Ph.D Thesis

Ph.D StudentArie Friedman
SubjectPrivacy Preserving Data Mining
DepartmentDepartment of Computer Science
Supervisor Full Professors Schuster Assaf
Full Thesis textFull thesis text - English Version


In recent years, privacy preserving data mining has emerged as a very active research area. This field of research studies how knowledge can be extracted from large data stores while maintaining commercial or legislative privacy constraints. Quite often, these constraints pertain to individuals represented in the data stores. While data collectors strive to derive new insights that would allow them to improve customer service and increase their sales, consumers are concerned about the vast quantities of information collected about them and how this information is put to use. Privacy preserving data mining aims to settle these conflicting interests.  The question how these two contrasting goals, mining new knowledge while protecting individuals' privacy, can be reconciled, is the focus of this research. We seek ways to improve the tradeoff between privacy and utility when mining data.

We address the privacy/utility tradeoff problem by considering the privacy and algorithmic requirements simultaneously. We study this problem in the context of two privacy models that attracted a lot of attention in recent years, k-anonymity and differential privacy. Our analysis and experimental evaluations confirm that algorithmic decisions made with privacy considerations in mind may have a profound impact on the accuracy of the resulting data mining models. In chapter 1 we study this tradeoff in the context of k-anonymity. Since k-anonymity was originally defined in the context of relational tables, we begin with extending the definition of k-anonymity with definitions of our own, which can then be used to prove that a given data mining model is k-anonymous. We demonstrate how the definitions can be incorporated within a data mining algorithm to guarantee k-anonymous output. In chapter 2 we focus on decision tree induction and demonstrate that our technique can be used to induce decision trees which are more accurate than those acquired by anonymizing the data first and inducing the decision tree later.
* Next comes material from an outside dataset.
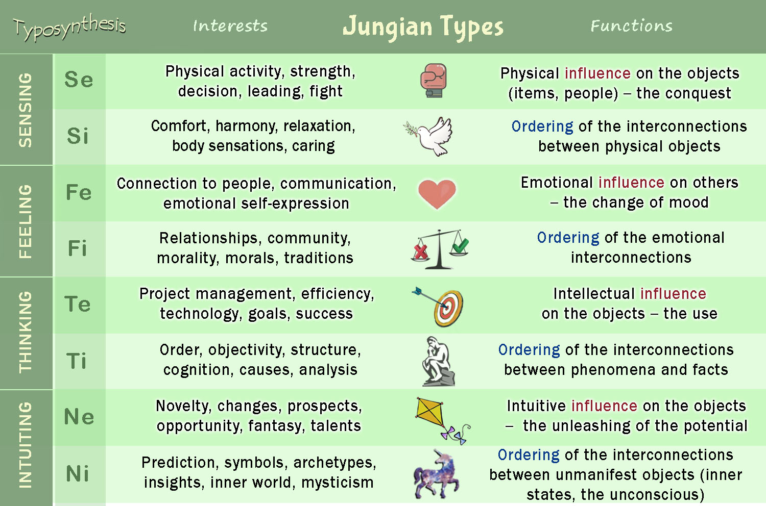 ✅ Function FEELING enables a person to operate in the world of feelings and emotions – the social realm and interpersonal relationships. FEELING types perceive their own emotional state and recognize other people’s moods and feelings. Focus on emotional condition, mood, feeling expressing, interpersonal communication, mutual attraction or repulsion, people’s attitudes towards each other, social norms, developing and maintaining of good relationships, evaluation of things in terms of good and bad, pleasant or unpleasant, acceptable or unacceptable.

In chapters 3 and 4 we study the privacy/accuracy tradeoff in the context of differential privacy. We show that when applying differential privacy, the method chosen by the data miner to build a classifier could make the difference between an accurate classifier and a useless one, even when the same choice without privacy constraints would have no such effect. Moreover, an improved algorithm can achieve the same level of accuracy and privacy as the naive implementation but with an order of magnitude fewer learning samples.